次日,青八子要离开了,我问他联系方式,他没多说,有点“最好不见”
的意思。
把他送到车站,看着他坐上最后一班列车,忧郁惆怅别离所具备的故事因素还没集齐,傅暖梦仰天长啸,附近的人投以异样目光。

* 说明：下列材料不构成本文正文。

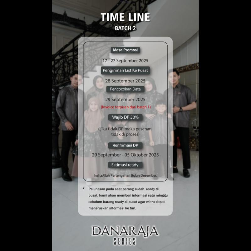 Bismillahirrahmanirrahim….. DANARAJA SERIES by. ARTIE DAILY Open Pre-order 21 Agustus - 1 September 2025 ?Terdapat 06 warna : 1. BROKEN WHITE X MILO 2. SAGE X ROCKY RIVER 3. MIDNIGHT X MAUVE 4. NAVY X TARO 5. CHARCOAL X LAVENDER 6. ?BOTOL X COKSU ? *MATERIAL* : * *MILANO TWILL* (Kain Dasar Dress Inner kids , Dress Inner kode 1 Dan Dress Inner kode 2 ) Menggunakan bahan Milano Twill. Bahan ini memiliki sifat lembut, adem dan nyaman saat dipakai). * *ALLESIA PRINTING* (Kain Dasar Dress kode 3,Dress kode 2 Dan Dress kids pendek) Kain yang diproduksi khusus untuk ARTIE DAILY oleh pabrik pilihan dan dengan design motif exlusive. Kain yang tentunya juga tidak panas saat di gunakan tesktur bahan ini jatuh, halus, dan tentunya tidak mudah kusut juga sangat nyaman di gunakan. • *CERUTY PRINTING* (untuk dress mom kode 1 dan kode 3) Kain yang berdesign motif exlusive Kain yang tentunya tidak panas saat di gunakan tesktur bahan ini jatuh,halus dan tentunya tidak mudah kusut juga sangat nyaman di gunakan. * *CERUTY BABYDOLL*(Untuk Khimar Kids, Pashmina Mom dan outer kode 3) Bahan Cerutty Baby Doll yang tentunya juga tidak panas saat di gunakan tesktur bahan ini jatuh, halus, dan tentunya tidak mudah kusut juga sangat nyaman di gunakan. * *SCARF PRINTING PREMIUM* Memiliki serat yang lembut, mudah dibentuk, dan mudah menyerap keringat sehingga nyaman dipakai). • *DOBBY PRINTING (Untuk bahan kemeja)* Kainya yang diproduksi khusus untuk ARTIE DAILY oleh pabrik pilihan. Dengan pemilihan benang yang berkualitas dan difinishing dengan ketelitian. Kain yang terlihat glosy lembut dan nyaman digunakan. ??*DETAIL DAN SPESIFIKASI* : ? *DRESS MOM KODE 1 (Inner & Outer Setengah terpisah)* Terdiri dari inner dan outer Detail inner: - Menggunakan kerah bulat - Resleting dibagian depan (busui friendly) - Terdapat saku di bagian kanan - Model iner sleeveless (lekbong) - ?Bermotif polos Detail outer : - Menggunakan kerah bulat - ?bagian depan terdapat full variasi kancing miring - ?Wudhu friendly (menggunakan manset kancing) - ?Terdapat metal tag Artie daily di bagian manset sebelah kanan - ?Bermotif eksklusif - ?Terdapat resleting dibagian belakang ? *DRESS MOM KODE 2 (inner & outer full menyatu )* Terdiri dari inner dan outer full menyatu Detail : - Menggunakan kerah sanghai - Resleting dibagian depan (busui friendly) - Terdapat saku di bagian kanan - wudhu friendly (terdapat kancing hidup di bagian manset) - ?terdapat metal tag Artie daily dibagian manset sebelah kanan ?*DRESS MOM KODE 3 (iner & outer terpisah)* Terdiri dari inner dan outer Detail inner: • Berkerah kemeja • Terdapat motif eksklusif • Terdapat metaltag artiedaily dibagian manset sebelah kanan • Terdapat saku pada iner sebelah kanan • Busui Friendly (Terdapat kancing hidup di depan) • Wudhui Friendly (terdapat kancing hidup di bagian manset) • Dibagian iner depan terdapat variasi ruffel kanan dan kiri -Outer • Berkerah bulat • Bermotif polos ? *DRESS KIDS PANJANG (Iner & outer terpisah)* Terdiri dari inner dan outer (terpisah) Detail inner : - Menggunakan kerah bulat - ?Resleting di bagian depan - ?Terdapat saku di bagian kanan - ?model inner sleevelees (lekbong) Detail outer : - Menggunakan kerah bulat - ?di depan terdapat variasi Full kancing miring - ?Wudhu friendly (menggunakan manset kancing) - ?Metal tag Artie daily di bagian manset sebelah kanan ?*DRESS KIDS PENDEK* • Berkerah bulat • Baju depan - belakang terdapat variasi lipatan ruffel • Terdapat metaltag di bagian dada di sebelah kiri • Bermotif eksklusif ?*SCRAFT MOM* - Full Motif - Finishing tepi laser cut - Size chart 115x 115 cm - Berat scraf 110gram per 1pcs - Terdapat metal tag ARTIE DAILY disalah satu sudut voal ?*KHIMAR KIDS* - Menggunakan Cerutty Baby Doll - Menggunakan hard pad - Desain cutting V double layer - Metal tag ARTIE DAILY pada bagian depan ?*PHASMINA MOM* - Menggunakan material ceruty baby doll - Jahit Tepi kecil Full sekeliling Pashmina - Mudah di styling berbagai macam gaya hijab - Metal tag ARTIE DAILY disalah satu sudut ?*DETAIL KEMEJA DAD & KIDS* (Pendek & Panjang) - Menggunakan Kerah kemeja - Full kancing hidup - Terdapat saku di sebelah kanan & metal tag ARTIE DAILY di bagian dada sebelah kiri - Cuttingan modern fit yang mengikuti bentuk tubuh dan bikin look lebih stylish dan rapih - Pada Koko Panjang Terdapat kancing dibagian manset - ?Tampilan kancing di depan tersembunyi agar memberikan look yang clean ?*SIZE CHART INER DRESS MOM KODE 1* XS LD 85 PJ 125 S LD 90 PJ 130 M LD 95 PJ 135 L LD 100 PJ 138 XL LD 104 PJ 140 XXL LD 110 PJ 140 REQ SIZE 3XL LD 120 PJ 140 4XL LD 130 PJ 140 5XL LD 140 PJ 140 ?*SIZE CHART OUTER KODE 1* XS LD 85 PB 80 S LD 90 PB 85 M LD 95 PB 90 L LD 100 PB 93 XL LD 104 PB 95 XXL LD 110 PB 95 REQ SIZE 3XL LD 120 PB 95 4XL LD 130 PB 95 5XL LD 140 PB 95 ?*SIZE CHART DRESS MOM KODE 2* XS LD 85 PJ 125 S LD 90 PJ 130 M LD 95 PJ 135 L LD 100 PJ 138 XL LD 104 PJ 140 XXL LD 110 PJ 140 REQ SIZE 3XL LD 120 PJ 140 4XL LD 130 PJ 140 5XL LD 140 PJ 140 ?*SIZE CHART INER DRESS MOM KODE 3* XS LD 85 PJ 125 S LD 90 PJ 130 M LD 95 PJ 135 L LD 100 PJ 138 XL LD 104 PJ 140 XXL LD 110 PJ 140 REQ SIZE 3XL LD 120 PJ 140 4XL LD 130 PJ 140 5XL LD 140 PJ 140 ?*SIZE CHART OUTER KODE 3* XS LD 85 PB 90 S LD 90 PB 95 M LD 95 PB 100 L LD 100 PB 103 XL LD 104 PB 105 XXL LD 110 PB 105 REQ SIZE 3XL LD 120 PB 110 4XL LD 130 PB 110 5XL LD 140 PB 110 ?*SIZE CHART PASHMINA MOM* ALL SIZE 75 X 175CM ?*SIZE CHART SCARF MOM* ALL SIZE 115 X 115CM ?*SIZE CHART KHIMAR KIDS* SIZE 1 (XS-S) PD 55 PB 70 SIZE 2 (M-L) PD 60 PB 75 SIZE 3 (XL-XXL) PD 70 PB 85 SIZE 4 (3XL) PD 80 PB 90 ?*SIZE CHART INER SLEEVELESS KIDS* XS (06 -12 bulan) LD : 52 PG : 55 cm S (1-2th) -LD : 56 cm PG : 63 cm M (3 -4th) -LD : 65 cm PG : 72 cm L (5- 6th) -LD : 70 cm PG : 85 cm XL (7-8th) -LD: 75 cm PG : 95 cm XXl (9-10th) -LD : 80 cm PG : 105 cm REQ SIZE DRESS KIDS 3XL (11-12th) -LD : 90 cm PG : 122 cm ?*SIZE CHART TUNIK KIDS* XS (06 -12 bulan) LD : 52 PB : 35 cm S (1-2th) LD : 56 cm PB : 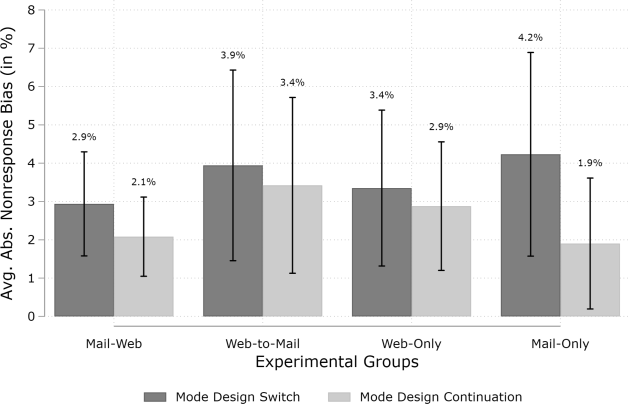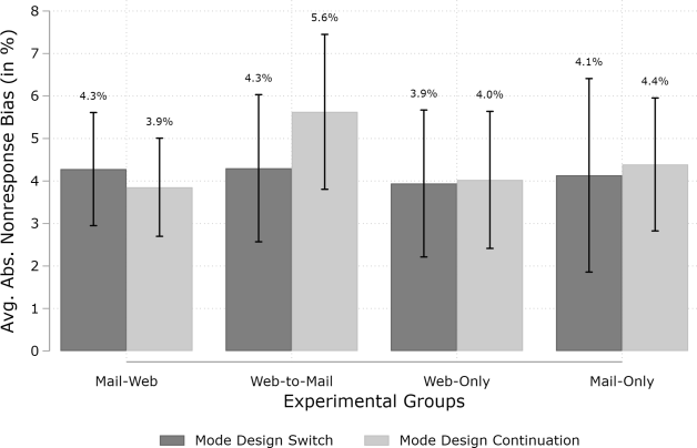 Fig. 4 depicts the average absolute nonresponse bias overall BHP administrative variables for the follow-up wave. The pattern of average absolute nonresponse bias in the follow-up wave mostly reflects the response rate patterns observed earlier. Switching to a CATI design in the follow-up wave exhibits slightly larger nonresponse biases in this wave, on average, compared to continuing the same self-administered mode design from the first wave. This is true for all of the self-administered mode designs considered. However, none of these differences is statistically significant. Overall, the average nonresponse bias estimates are not very large and are always below 4% for every mode design.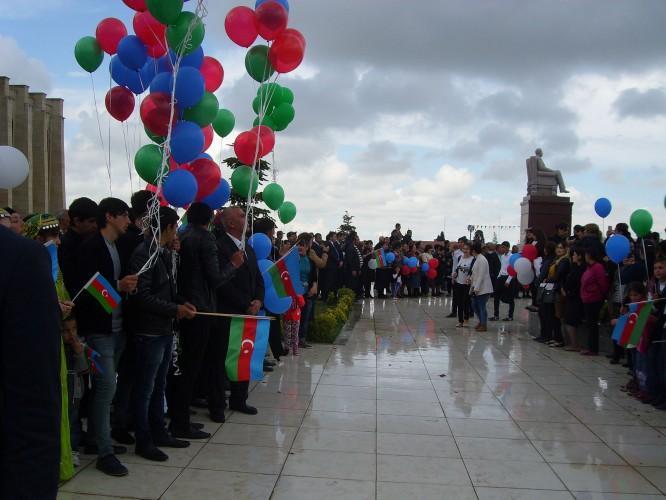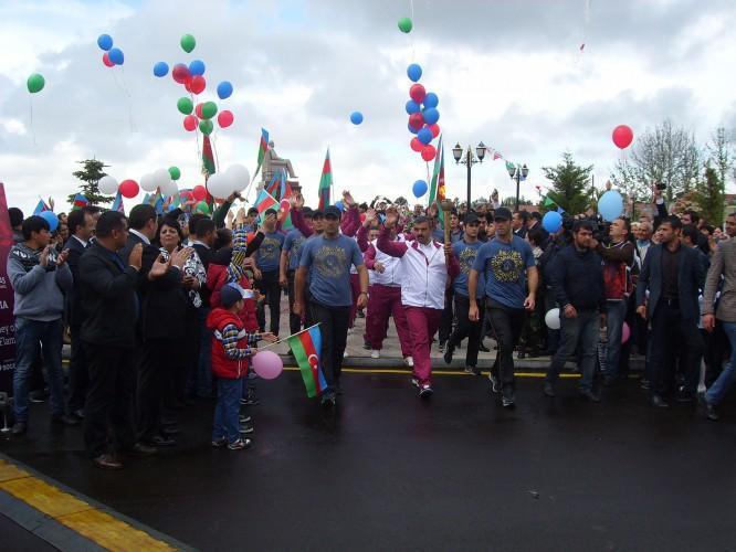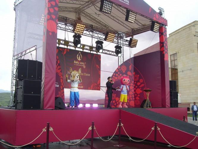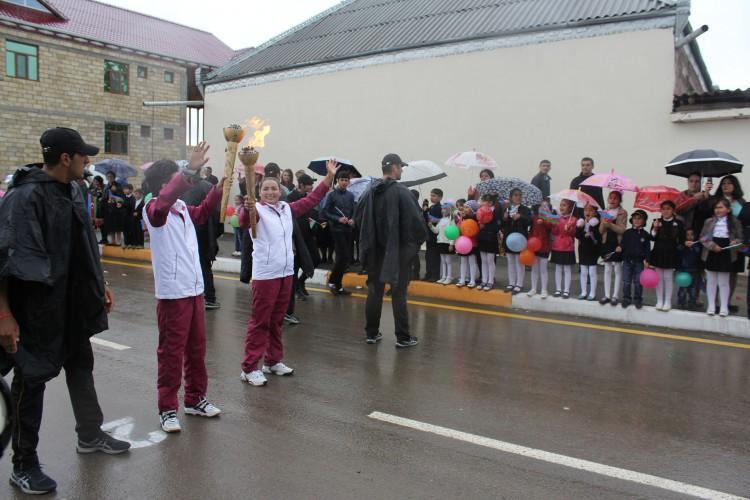 Şəhər 1 nömrəli orta məktəbin bədən tərbiyəsi müəllimi, idman ustalığına namizəd Vüqar İbrahimov səhnəyə qalxaraq məşəli alovlandırıb. Sonra məşəldən götürülmüş alovla yandırılan çıraq rayon sakinlərinə təqdim edilib. Bildirilib ki, bu çıraq ilk Avropa Oyunları başa çatana qədər Heydər Əliyev Mərkəzində yanacaq.

我觉得青八子是去追艾薇那伙人,问他什么也不说,我就失去探究的兴致了。
“你笑什么?”
“哈哈,菜爷是高兴啊。玉皇大帝放屁,神气!咱们终于翻身当家做主,哈哈,你瞧瞧,菜爷特别留了一手呢!”
说着,傅暖梦把我拉到角落里,偷偷给我看他的战利品。
在古墓地宫,我顺手拿了面铜镜,不是什么值钱的宝物。
青八子还算够意思,垫付了医药费,也没拿傅暖梦的欠条逼他卖肾。
角落里,一抹宝光映入我眼中,纯白如云的玉器落在我手心。
有拳头大小,是个酒杯,被雕琢成莲花造型,下有两条浮龙捧日,极具冲击力,绝对是皇家工匠的手笔。
不提这玉器的年代和灵动十足的雕工。
光说玉杯的材质,我虽不是什么专家,但还是一眼认出来,是羊脂级的极品和田玉!
这是什么概念?光拳头大的极品羊脂玉料,现在就值百万上下。
何况这细腻生动的雕工,苍龙逐日的手笔,堪称是件珍宝。
我赶紧把玉杯塞回去,满脸紧张的问道:“这。。。你哪来的?”
“嘿嘿,菜爷蝎了虎子撩门帘儿,露一小手。惊到了吧?当时主墓室里,满地狼藉,多亏菜爷这双眼睛,嘿嘿,咱们这趟不白来吧?”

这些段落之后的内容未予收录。